Whether it's encouraging you when you're low, keeping you accountable when you're trying to wiggle out of a task, or celebrating your successes with you, other people are an incredible tool for dissolving resistance.
It only takes one person in your corner to make a huge difference. Start with your best friend. From there, the more people you have on board, the faster you'll move.
Set up a weekly check-in with someone else to set your career change goals and keep you accountable. Whether it's a coffee with a friend or a Skype date with another career changer you met online, having someone to tackle the tough stuff with will make you infinitely more productive, and you'll have more fun, too.
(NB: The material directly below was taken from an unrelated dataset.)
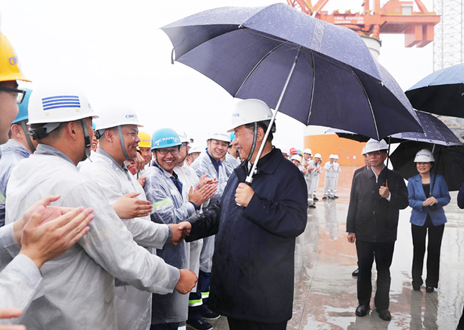 6月13日下午,习近平冒雨来到中集来福士海洋工程有限公司烟台基地。“蓝鲸1号”钻井平台巍峨伫立、“泰山”龙门吊高耸入云,习近平撑着伞边走边看,详细了解企业走自主创新发展之路、开展高端海洋工程设备自主设计研发制造情况。听说“蓝鲸1号”去年创造了可燃冰开采时间和产量两项世界纪录,习近平鼓励他们继续努力。总书记同现场的工人们一一握手,他说,基础的、核心的东西是讨不来买不来的,要靠我们自力更生、自主创新来实现。我看你们有这个信心,希望你们迎难而上、再接再厉。

Working towards launching a website for a new venture? Designing a class as a Shift Project? Pre-announce it, publicly. Announce the launch date on Facebook way ahead of time; message your contacts on LinkedIn; stick up posters on noticeboards around town. When the world is watching, you have to ship.
When it's just you against your resistance, it's hard to push through.
Gang up on it.
3. Play
There's a dangerous myth floating around that the things that matter have to be unpleasant.
Even the language around achieving meaningful things is violent and full of friction.
“Work hard.”
“Fight for what you want.”
“Put your nose to the grindstone.” (Really? Your nose? On a grindstone?)
No wonder you're feeling resistance – this stuff sounds horrendous.
Yes, you're probably going to have to do things you wouldn't normally do. Yes, you're going to encounter nerves, and occasional boredom, and frequent challenges and obstacles along the way.
But if the journey to joy feels heavy and unpleasant, you're probably on the wrong road.
How can you make this thing you have to do fun?
What's the path of least resistance that will still get you to a result you're inspired by and connected to?
If you're procrastinating and avoiding drafting an email for the past hour, (and you know if you'd just done it, it would have been done by now) make it into a Micro Shift. Set a timer and race to get as much as you can done in the next 15 minutes.
If you feel like you need a blog for your website but you hate sitting down and writing, let yourself off the hook. Don't force it if you're going to hate it – take your phone camera out into nature and start a YouTube channel instead. Find the path of least resistance.
If you're motivated by tick-boxes and progress trackers, set one up for EVERYTHING, and revel in the satisfaction of putting a big fat check mark against everything you achieve. If wine's more your celebration style, make a Winners' Date with a friend and push to do as much as you can to earn that glass.
There are no prizes for martyrdom. Don't suffer when you don't have to.
4. Push
There's a specific feeling you get when you get your head down and push through something that you know will be worth it in the end.
It's a unique blend of grit and pleasure – a combination of a physical endorphin rush, fierce commitment and, if you're lucky, some flow.
New ideas, new insights, and previously unimaginable opportunities – they all exist just outside your comfort zone.
And to access them, sometimes you’re going to need to push.
Lean into the discomfort.
Show up, even when you don't feel like it.
As Steven Pressfield says: “The most important thing is simply to work. Nothing else matters except sitting down every day and trying.”
Every time you do, you're building muscles. Resilience, confidence, self-belief, courage… proof that you're capable of achieving, generating, and creating so much more than you thought you could.
And those realisations are priceless in navigating your way to fulfilling work.